C’est l’information majeure de ce début de semaine en Côte d’Ivoire. Au terme d’une réunion du Secrétariat général du Parti des peuples africains-Côte d’Ivoire (PPA-CI), Damana Adia Pickass, patron dudit secrétariat, a fait l’annonce de la candidature de l’ancien président Laurent Gbagbo pour le compte de leur formation.
Et pour soutenir la candidature de l’ancien opposant historique qui ne saurait souffrir de la moindre contestation, Damana Pickas affirme que cette candidature est « naturelle ». À 77 ans bien sonnés, Laurent Gbagbo a le droit de se porter candidat, au regard de la Constitution ivoirienne et ses partisans peuvent déjà lancer leur machine. Mais le hic dans l’affaire, c’est que cette candidature risque de sonner le glas de la fin d’un parti qui peine à se positionner sur l’échiquier politique et par voie de conséquence, la mort politique des porteurs de ce projet. C’est une candidature improbable, dans la mesure où c’est un projet qui ne repose sur aucun fondement de logique politique.

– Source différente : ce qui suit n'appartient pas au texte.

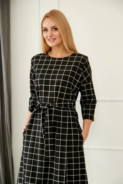 Модель с полукруглым вырезом горловины и рукавами три четверти длины на спущенной пройме создает непринужденно элегантный вид. Длина изделия составляет 121-122 см. Дизайн дополнен удобными карманами в боковых швах и мягкими складками по переднему полотнищу юбки, которые деликатно струятся с каждым вашим шагом. Застежка на молнию по среднему шву спинки обеспечивает идеальную посадку. Подчеркнуть талию поможет стильный пояс из той же ткани. Рукав длиной 45 см добавляет изысканной практичности модели.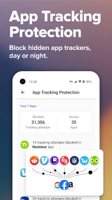 Protect Your Privacy in Other Apps – Block most hidden app trackers in other apps day or night, and prevent third-party companies from invading your privacy with App Tracking Protection. This feature uses a VPN connection, but is not a VPN. It works locally on your device and does not collect personal data.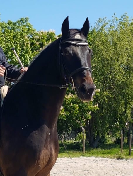 Leonardo - ein außergewöhnlicher Holsteiner Wallach, geboren 2011, mit einem Stockmaß von ca. 174 cm und einer edlen dunkelbraunen Farbe. Bereits als Fohlen mit der Staatsprämie ausgezeichnet, überzeugt er durch seinen bildhübschen Ausdruck, seinen großrahmigen, gut gebauten Körper und seiner besten Gesundheit. Er ist barhuf, hatte weder Lahmheiten, Koliken noch Allergien und zeigt sich beim Schmied sowie beim Verladen stets vorbildlich. Leonardo kennt sowohl Boxen- als auch Weidehaltung und ist bestens sozialisiert in der Herde. Im täglichen Umgang ist er ein echtes Herzenspferd: freundlich, menschenbezogen, aufgeschlossen und ausgeglichen. Er zeigt sich mutig, unerschrocken und ist vertraut mit Landwirtschaftsfahrzeugen, Hunden und allem, was zum Alltag dazugehört. Leonardo wurde mit viel Liebe und Geduld im Sinne der École de Légèreté ausgebildet. In der Dressur ist er bis zu S-Lektionen gearbeitet, wurde ein- und zweispännig vom Profi gefahren, zuverlässig im Straßenverkehr, und zeigt, das er auch beim Springen Spaß hat. Zudem beherrscht er sowohl klassische Handarbeit als auch Bodenarbeit nach Parelli. Seine herausragenden Grundgangarten, sein großes Talent und seine Lernfreude machen ihn zu einem echten Allrounder mit Perspektive. Aufgrund seines fortgeschrittenen Ausbildungsstandes ist Leonardo nicht für Anfänger geeignet, bietet jedoch ambitionierten Reitern ein qualitätsvolles, ehrliches und verlässliches Pferd, das jeden Tag Freude bereitet. Schweren Herzens wird Leonardo wegen Aufgabe des Reitsports in liebevolle Hände abgegeben. Er ist ein außergewöhnliches Pferd mit vielseitigen Einsatzmöglichkeiten, großem Herz und einem wundervollen Charakter - ein Partner fürs Leben.

L’idée découle d’une position toujours défendue par Laurent Gbagbo lui-même : « On peut quitter la présidence pour la prison et la prison pour la présidence ». Pour ses partisans, après dix années de détention à la Cour Pénale Internationale (CPI), le temps est venu pour l’accomplissement de cette ‘‘prophétie’’. Mais pas que. Les pro-Gbagbo sont convaincus que le parcours de leur mentor est un remake de celui de Nelson Mandela, icône de la lutte contre l’apartheid en Afrique du Sud, qui a aussi quitté la prison pour la présidence de son pays. Le calcul est donc clair : Mandela a fait la prison, Gbagbo a fait la prison, Mandela est devenu président à sa sortie de prison, Gbagbo aussi, peut devenir président à sa sortie de prison. Et comme une hirondelle qui fait le printemps, les pro-Gbagbo estiment que leur leader incarne l’espoir de l’Afrique qui veut combattre le système occidental, tout comme Mandela a incarné l’espoir de la lutte anti-apartheid.

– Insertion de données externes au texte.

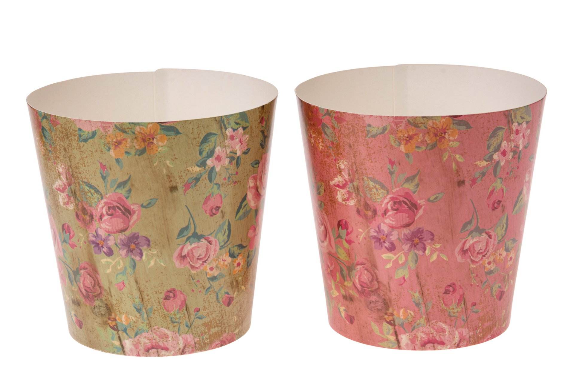 Konischer Übertopf aus Kraftpapier mit floralem Design. Innen wasserabweisend beschichtet.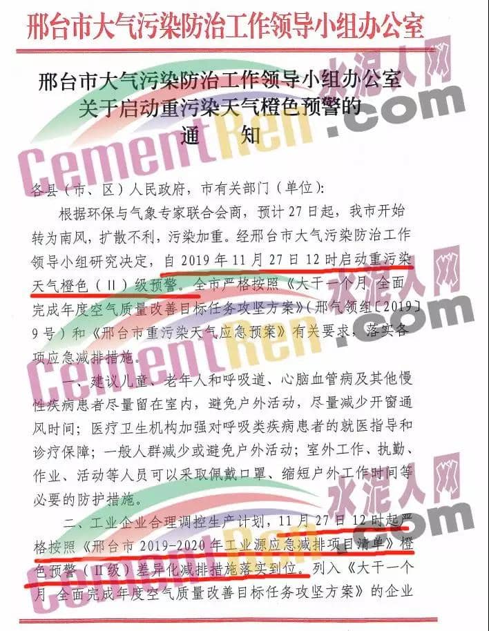 據(jù)水泥人網(wǎng)消息,昨日(11月26日)水泥大省河北省邢臺市大氣污染防治工作領(lǐng)導(dǎo)小組辦公室發(fā)布《關(guān)于啟動重污染天氣橙色預(yù)警的通知》稱,自2019年11月27日12時啟動重污染天氣橙色(II)級預(yù)警。本次啟動重污染天氣距離上次解除重污染天氣僅僅只有3天時間。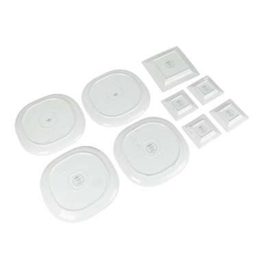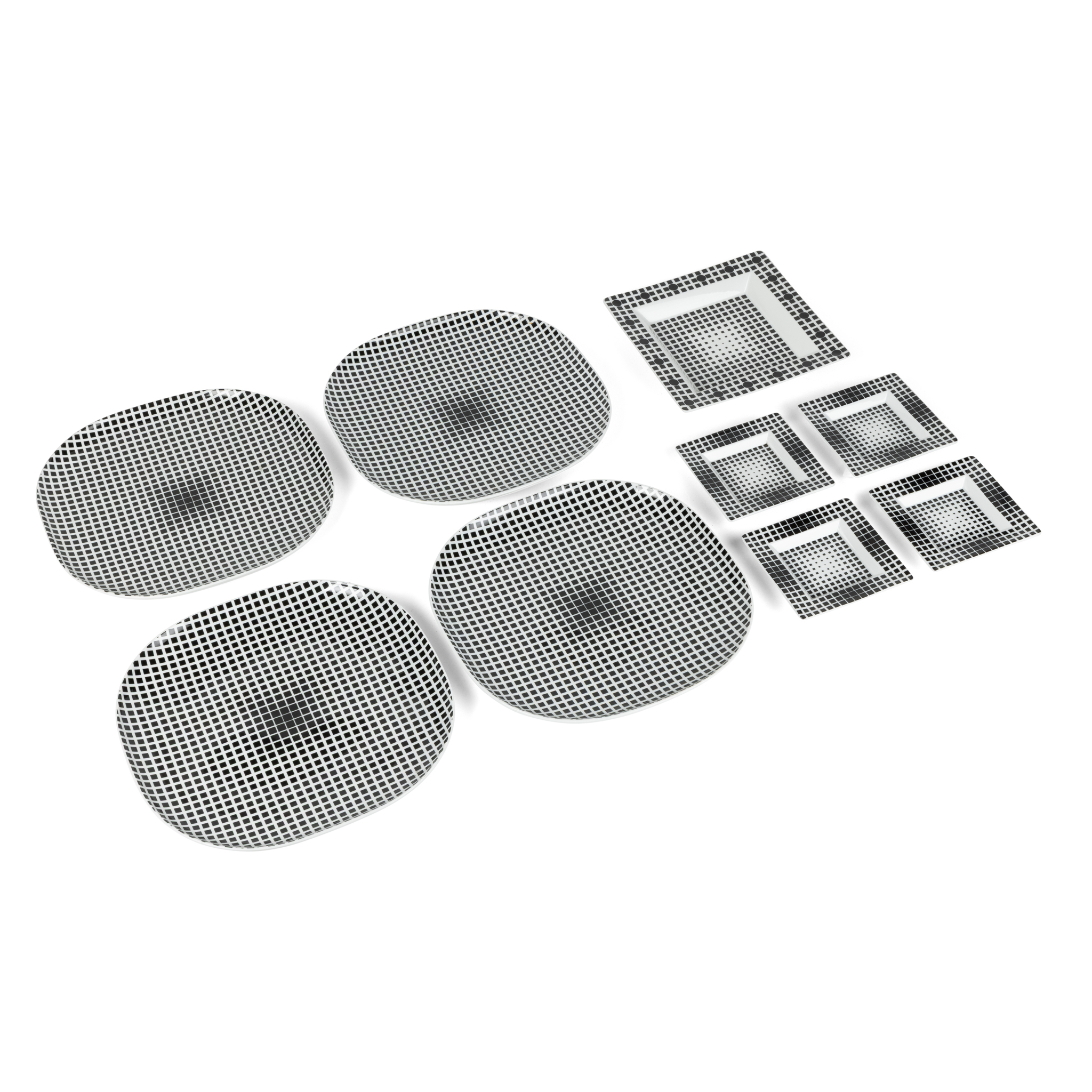4 LARGE CIRCULAR PLATES, 1 MEDIUM SQUARE PLATE, 4 SMALL SQUARE PLATES

Malheureusement, la désillusion de Damana Pickas et du quarteron de thuriféraires qui soutiennent cette candidature, viendra de là. Laurent Gbagbo et Nelson Mandela sont deux hommes totalement différents et sur tous les points. Et comme obstacle majeur que les pro-Gbagbo feignent d’ignorer, c’est l’incapacité du PPA-CI à emballer les Ivoiriens. Une année après sa création, les contempteurs de l’ancien régime dressent des bilans flatteurs, mais la réalité est tout autre. Sur le terrain, on ne sent pas cette ferveur populaire comme le FPI à ses débuts dans les années 1990. Ce qui risque de compliquer les calculs de l’ancien président, ce sont les divisions qu’il a lui-même occasionnées au sein de son système. S’il est candidat en 2025, il aura en face de lui, ses anciens partisans qui sont avec son ancien Premier ministre Affi N’Guessan, ceux de son épouse Simone, et surtout, ceux de l’ancien bras séculier de sa jeunesse, Charles Blé Goudé. Il est donc vrai que la Constitution donne le droit à Laurent Gbagbo de se porter candidat, mais autant dire que c’est une candidature improbable, quand on regarde l’environnement actuellement dans son propre appareil politique et la grosse menace que représentent ses anciens proches qui ont décidé de jouer leur carte personnelle.